On 5.12.2011, at 0.07, Lorens Kockum wrote:
Timo Sirainen wrote:
And before designing it I'd need to look into how the backup softwares usually work.. If anyone has any ideas about this, I'd like to hear.
Simple or even moderately efficient backup programs like rsync copy all the files.
I'm mainly wondering if it's common for backup programs to support using a separate program to generate the backups. For example if there was a "dovecot-backup" binary that just dumps all (or new-since-last-backup) of the users' mails into stdout, which the backup program can use. Or perhaps in that case there wouldn't really be much of anything for the backup to do except to write it to tape..
Also backing up the attachment links could be problematic if the backup system doesn't support hard links. Each attachment always has at least 2 links, so if the backup doesn't realize that it at minimum duplicates the space used by attachments.
rsync recognizes hard links with option -H, but at a very noticeable performance cost when dealing with millions of files. If the aa/bb/aabccddeeff-etc is unique across the whole mailstore, it would be easy to replace the hard link with a symlink, as you said:
SIS was designed to work with hard links. They couldn't be replaced with symlinks without a redesign (which would be less efficient in normal operation).

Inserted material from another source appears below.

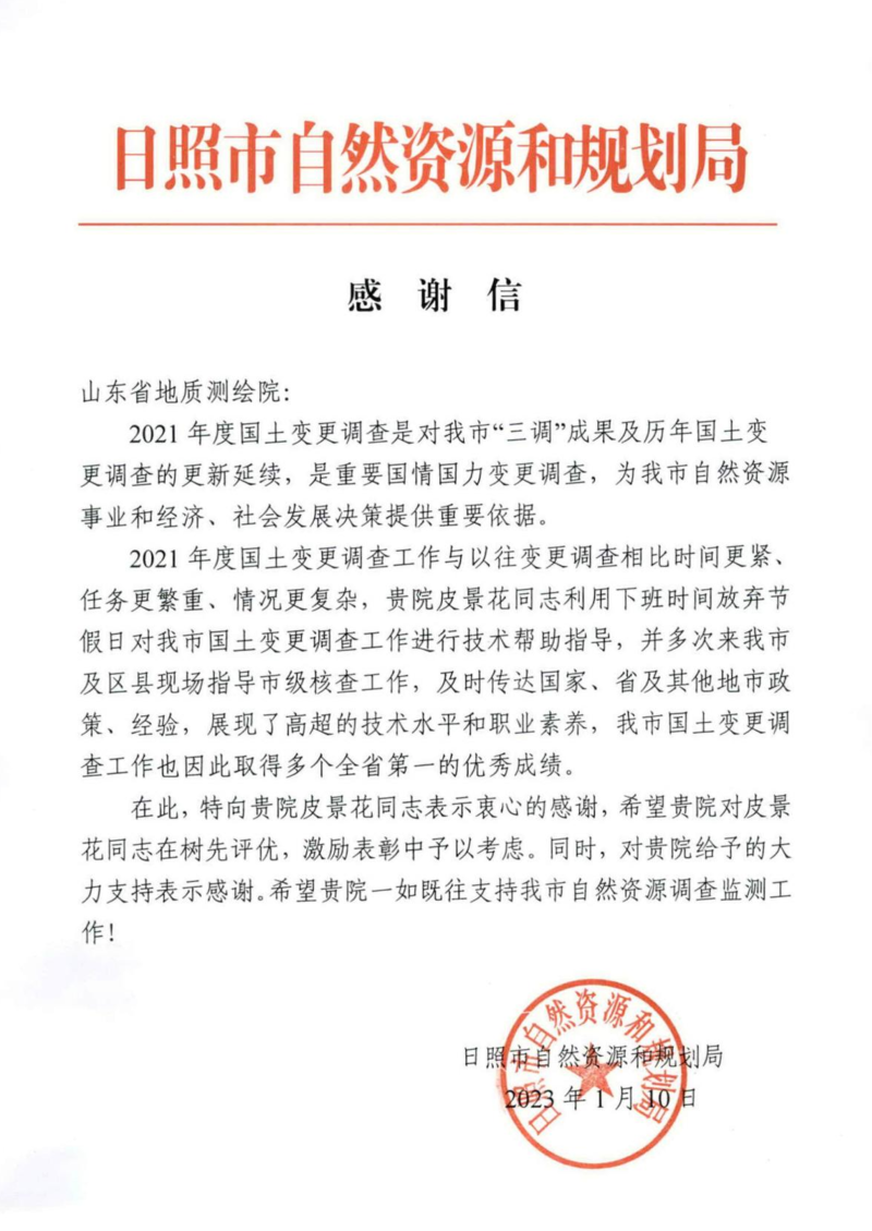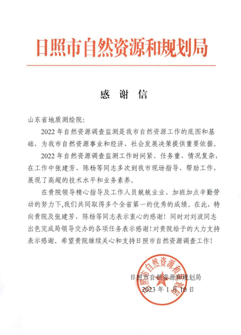 鲁网1月30日讯 近日,省地质测绘院收到两封日照市自然资源和规划局感谢信,对测绘院院在2022年自然资源调查监测和2021年度国土变更调查中给予的大力支持表示感谢。

maybe not storing the attachments directly to backups, but add symlinks to them so they can be used to figure out what to restore. Or maybe the backing up wouldn't need a special tool, but the restoring tool could just read through the dbox files to see what attachments are also needed and write a list of them somewhere so they can be taken from backups as well.
In the second way, you would have a separate hierarchy for multiple-recipient attachments, or would the attachment be "really" stored in the box of a recipient chosen at random?
I meant that SIS would work exactly like it works now, with hard links and everything, but on top of that it would also create symlinks to the used files simply to make it easier to find what files are used. The annoying thing about that is that in error situations the symlinks can get out of sync with the reality.
Just some random thoughts: professionally, I use Zimbra. Messages are stored in Maildir-equivalents. The time it takes to backup is a quite severe constraint on the backup technique. For example, compressing the backup files takes too long, so the zip files are not compressed. Instead, the individual mails are stored compressed on disk. Each backup zips up the mails in a few big backup files.
You mean you first create uncompressed zip files (why not just tar?) of all the mails to the filesystem and the backup software then backups those zip files?
An improvement could be to sort mails into backup zip files so that once a zip file is made, it stays the same. After all, if a mail is not deleted a month after it is read, then it will probably stay in the same state forever, or at least until the user starts a keep-me-under-quota cleaning-up spree. During this time, backing up that big zip file can just be a check to see if it is already OK in the backup, which is much quicker. I have no idea if this could be applied to Dovecot, but who knows.
Dovecot's mdbox files already contain multiple messages in each file, so it should be a lot more efficient to do backups on those. And each message in an mdbox file can be compressed if zlib plugin is enabled. So I think that sounds quite a lot like what you propose.